4 minutes

The most important steps to creating geodemographic target audiences through segmenting 

You’ve planned your segmentation and decided what’s important. Now it’s time to take all the geodemographic and demographic data to complete the actual segmented groups. From postcode insights to spending power, you have what you need to develop audience profiles.

Step One: Divide your customers by demographics

The simplest way to divide customers is to use demographics. This includes physical attributes like age and gender as well as information about occupation, education level and income. Demographics also cover marital status and household information like number of children. The division that occurs by demographics can be valuable and useful data. It’s a great first way to segment. One example would be generational divides. Millennials have vastly different buying patterns to those over 65. The way in which you would market and message is different. The types of products or services are likely to be different, too.

Step Two: Separate by location 

To begin location segmentation, you can start with postcode insights. This provides a clearly defined area. It’s an opportunity to get very granular, which can be relevant if your brand is local, regional, national or international.

Beyond actual physical locations, there are considerations related to population density, climate and rural versus urban living. The needs of your audiences change dramatically by where they are and how their location impacts their lives and lifestyles.

If you are a clothing company, the climate may determine the specific pieces you promote. Not every region needs thick coats or rain gear. The needs of urban and rural dwellers is dramatically different. Those in a large metro may use public transport whereas those in rural areas would most likely require a vehicle.

Step Three: Segment by purchasing history

What and when people purchase is a treasure trove of data! It’s a timeline of how they’ve interacted with your brand. You can divide them into groups by products they buy, how often, and how they purchase each product (online vs. in store).
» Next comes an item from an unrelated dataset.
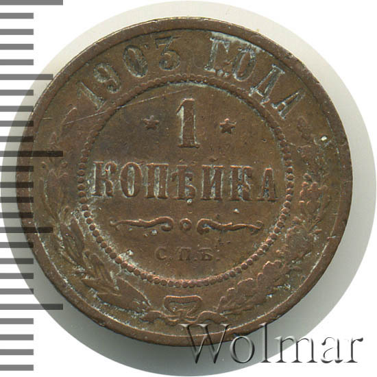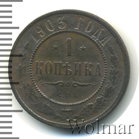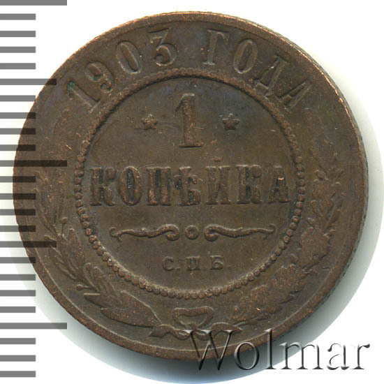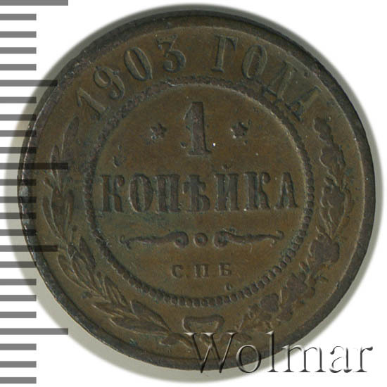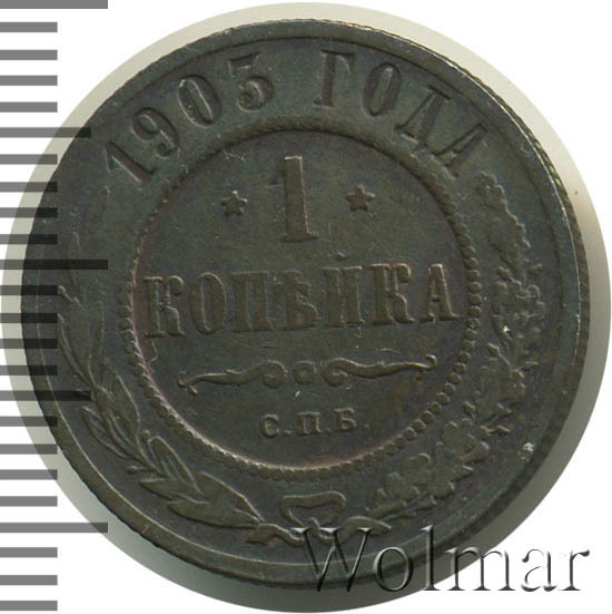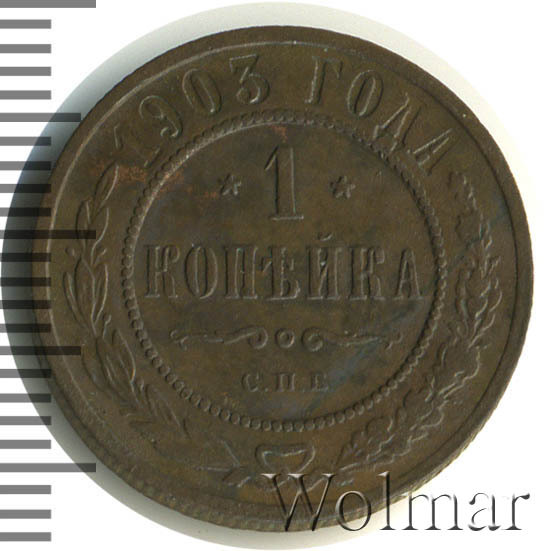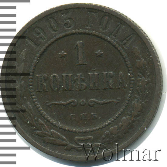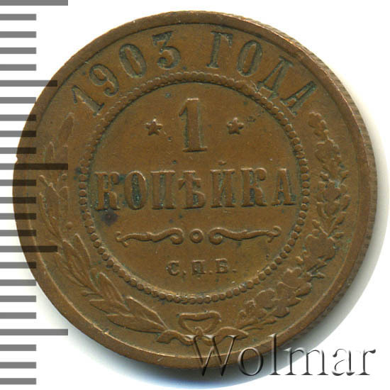 В центре указан номинал — цифра «1», ограниченная с обеих сторон звездочками. Под цифрой номинала — слово "КОПЕЙКА". Ниже, расположен декоративный разделитель в виде двух изогнутых линий и небольшой окружности между ними. Под разделителем — обозначение монетного двора «С.П.Б.». Центральная часть отделена от остального изображения, окружностью в виде точек. В верхней части полукругом углубленная надпись: "1903 ГОДА". Ниже этой надписи, вдоль канта, изображен венок из лавровой и дубовой ветвей, которые, в нижней части, перевязаны лентой на узел бантом.

As you begin to track data, you’ll be able to notice trends or patterns. Looking at a segment with similar purchasing history helps you group them. From this data, you can glean insights. For example, if you have a group of customers that orders makeup supplies every 90 days, you can market to those customers specifically and try to upsell them on other items that are related. In this example, you would have been able to ascertain the habit cycle (90 days).

Another part of purchasing behaviour is context. In what channels or situations does a customer buy? How can you leverage this information?
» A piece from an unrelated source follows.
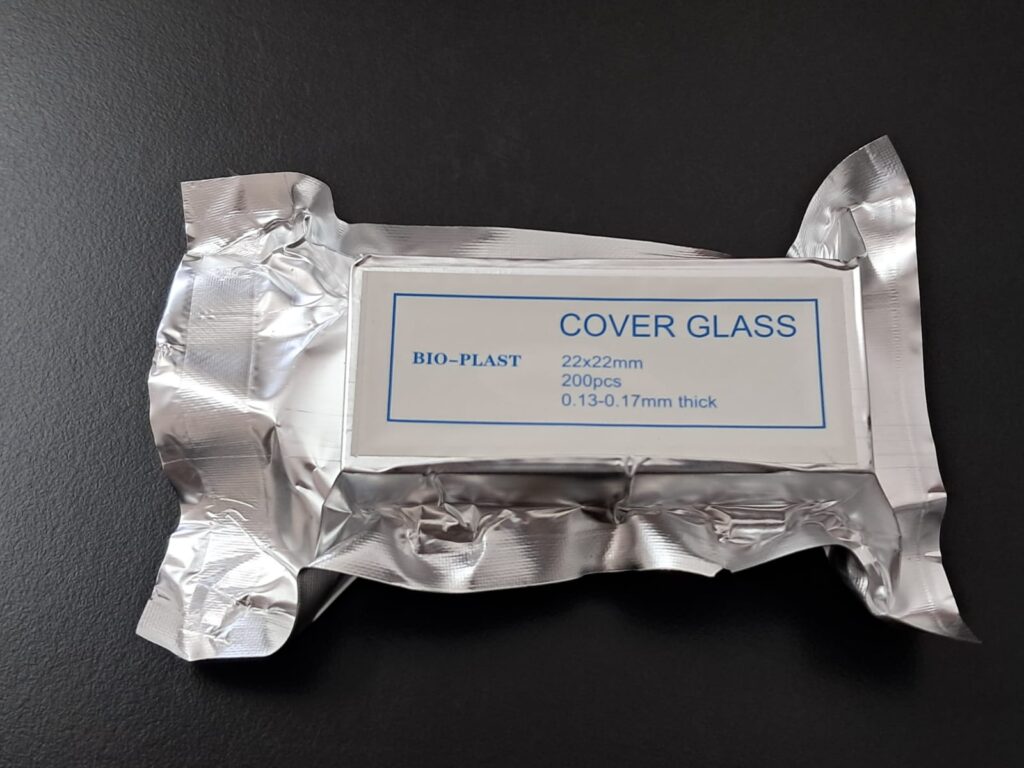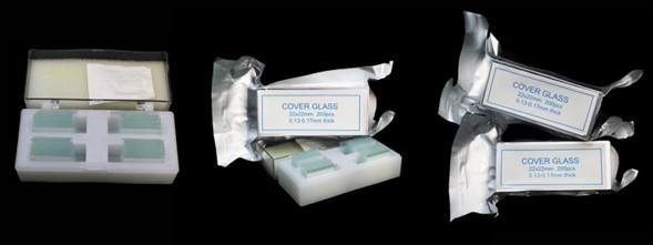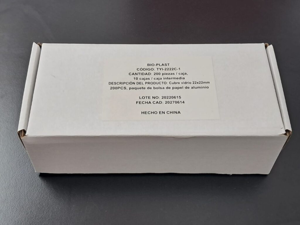 Cubreobjeto 22 x 22. Presentado en cajas con envoltorio de aluminio individual x 200 vidrios, envasado al vacío. Vidrio claro, limpio y desengrasado. Uso para protección de la muestra. Grosor 0,13 - 0,17mm.

Additionally, you can look at the amount of purchases (both times and pounds). There’s the first time buyer, the returning customer and the occasional customer. Messaging to each should be different because they are at different phases of the relationship with your brand. The average spend of the customer impacts segmenting as well. The buyers who purchase first class seats wouldn’t receive the same message as those in coach.

Step Four: Try psychographic segmentation

This process is a bit imperfect. It’s about lifestyle choices, values, opinions and attitudes. This could be a number of things: vegetarians, religious practices, those associated with a disability, condition or cause. There are so many ways to segment in this step. Don’t get overwhelmed. Think about what makes sense for your buyer as far as lifestyle attributes. This type of data is typically collected through surveys or focus groups.

Step Five: Assign customers to benefit groups

This perspective is to segment based on the benefits your product provides. The more benefits or uses of a product, the more chances to divide the group. It can get very granular. Different buyers use your product in different ways. Drive that message specifically to these target audiences. Examples of this would be price/value, service or quality.

Segmenting equals great returns

These five segmenting steps can help you drive excellent consumer intelligence. You’ll see great returns based on segmenting because you’re being relevant to those audiences. DoordaStats has the data you need for segmenting.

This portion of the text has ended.